Yet, like most of my fellow countrymen, I longed for the day when I could
escape the Stalinist prison my country had become. That day came six years ago. I made my
escape in July 1997 by crossing the Yalu River into China after sundown. I lived in China
for two years with enough money, contacts and employable skills to make me less vulnerable
to starvation or capture than most North Korean refugees. That said, I lived in constant
terror of capture by Chinese authorities, for I knew that such capture would have resulted
in a death sentence upon repatriation to the North. In 1999, thanks to an ethnic Korean in
China who notified me of a fishing boat scheduled to ferry dozens of illegal laborers that
very night, and, unknown to the operators of this boat, I escaped to South Korea as a true
stowaway.
Upon my arrival, I was debriefed by South Korea's National Intelligence
Service, and occasionally put in the hands of unsophisticated American questioners in
Seoul.

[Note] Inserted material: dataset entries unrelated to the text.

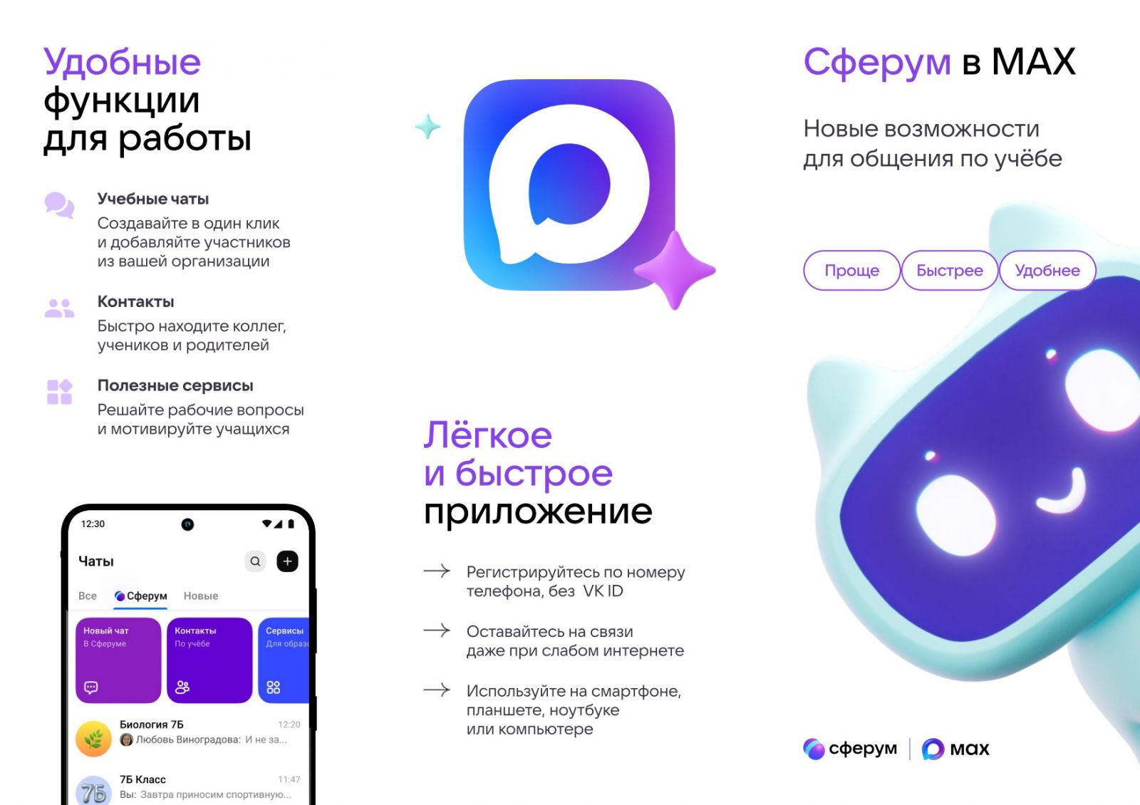 Безопасность и контроль: Мах интегрируется с образовательной платформой «Сферум», что повышает безопасность школьных коммуникаций и упрощает администрирование.
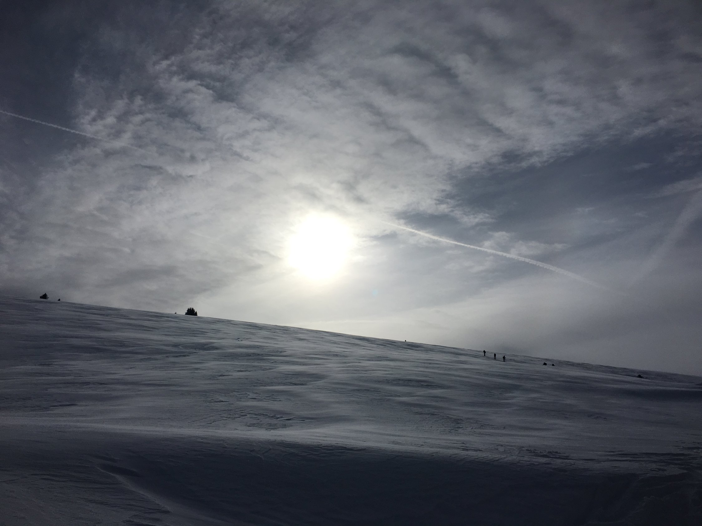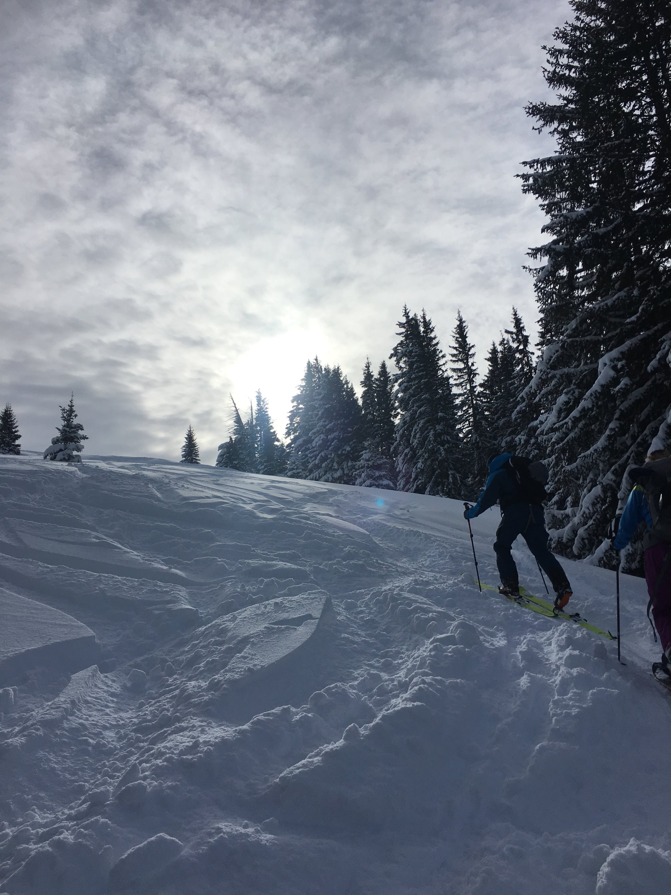 Wetter eher besser als erwartet und gemeldet (siehe Bilder) aber viel Wind. Desshalb sind wir auch nur bis Punkt 1868 Aufgestiegen und haben den heute wenig lohnenden Teil zum Gipfel ausgelassen. Dafür nach super Abfahrt bis ca. 1550 m, Wiederaufstieg zu Punkt 1868 und den schönen Powder nochmal gerockt, das hat sich sehr gelohnt.
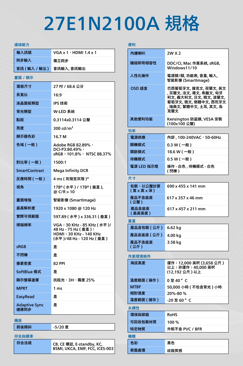 | 特殊功能 | 窄邊框, 護眼, 零閃屏, 抗藍光 |
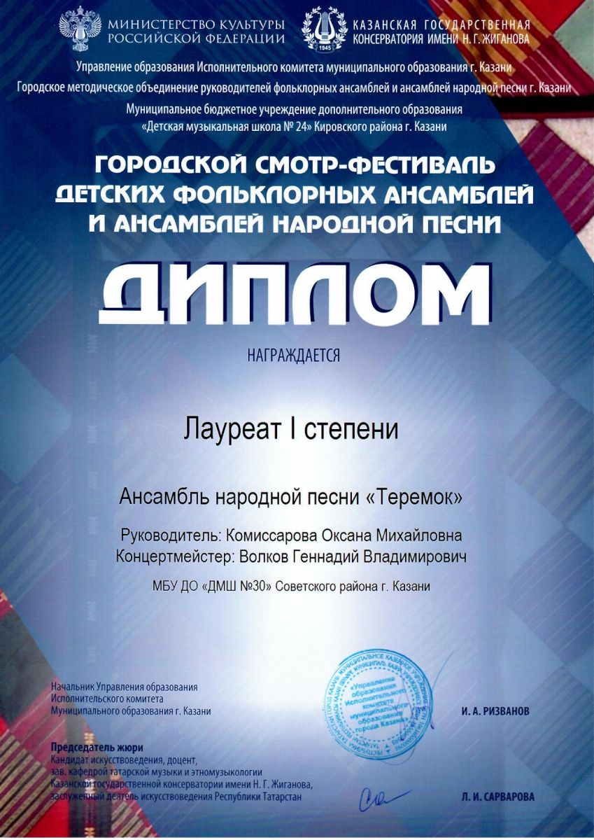 Муниципальное бюджетное учреждение дополнительного образования «Детская музыкальная школа №30» Советского района г.Казани
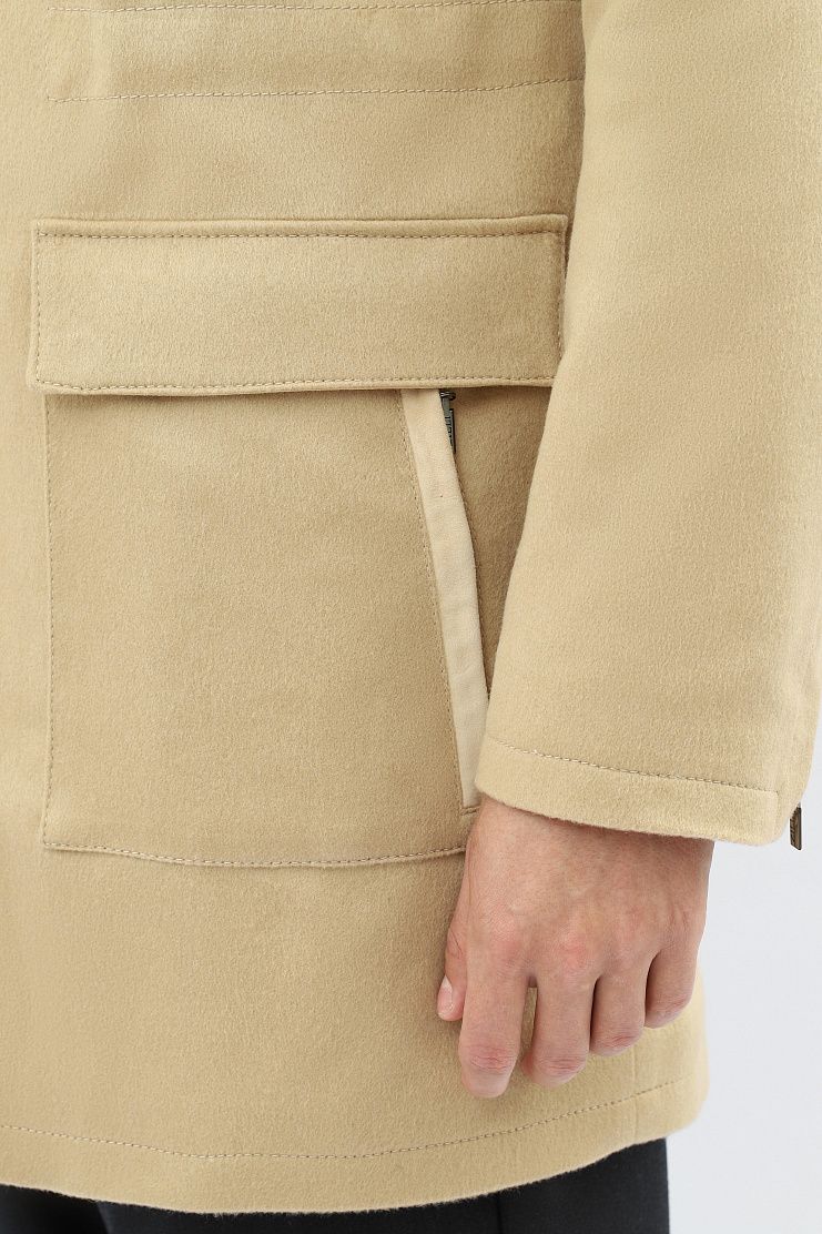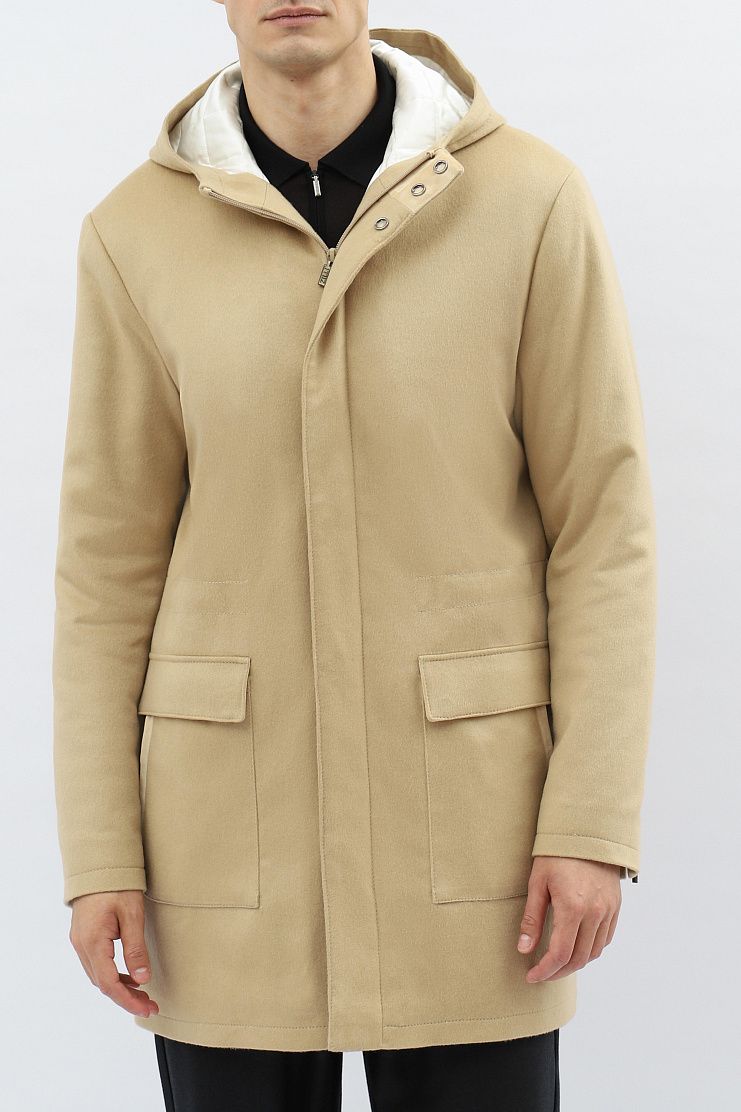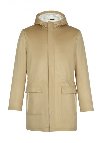 Кашемировая парка с отделкой из замши отлично подойдет для теплой осенней погоды. Модель на шелковой подкладке имеет капюшон, пояс на кулиске, боковые накладные карманы и застежку на молнию и кнопки.
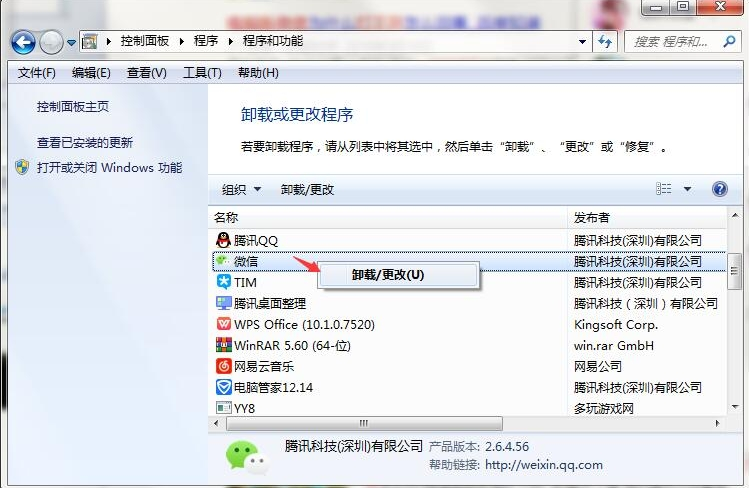 3、找到微信,单击鼠标右键卸载即可。
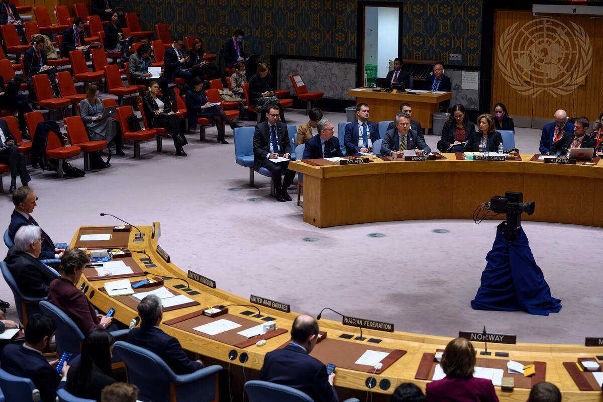 A view of the Security Council meeting on maintenance of peace and security of Ukraine.

Remarkably, the South Korean officials made it clear to me that I would be in
danger if I were to speak out about the WMD programs I had worked on or the atrocities I
had witnessed. It soon became obvious that they feared my testimony because it might
jeopardize South Korea's "sunshine policy," which seeks to keep the North's
repressive regime in power in order to avoid the economic consequences to the South were
it to collapse.
Incredibly, Seoul seems unwilling to accept that propping up Kim Jong Il's
regime has had grave consequences for the world. While traveling to the China-North Korea
border last year, I met with former colleagues and learned that the production at our old
missile guidance system plant was up to normal levels following receipt by the regime of
substantial amounts of foreign currency from the South. In 1997, when I left the plant,
the output had shriveled to 30% of the pre-Nodong One launch in 1993 due to the lack of
hard currency that had limited the capacity to pay for Japanese parts imports.
Last year, facing increased pressures from the South Korean Intelligence
Service to remain an invisible man, I decided to do all I could to escape from South
Korea's hands. I obtained a passport under the pretense of traveling to Japan, and, with
the aid of an underground-railroad activist, obtained a visa that brought me to the U.S.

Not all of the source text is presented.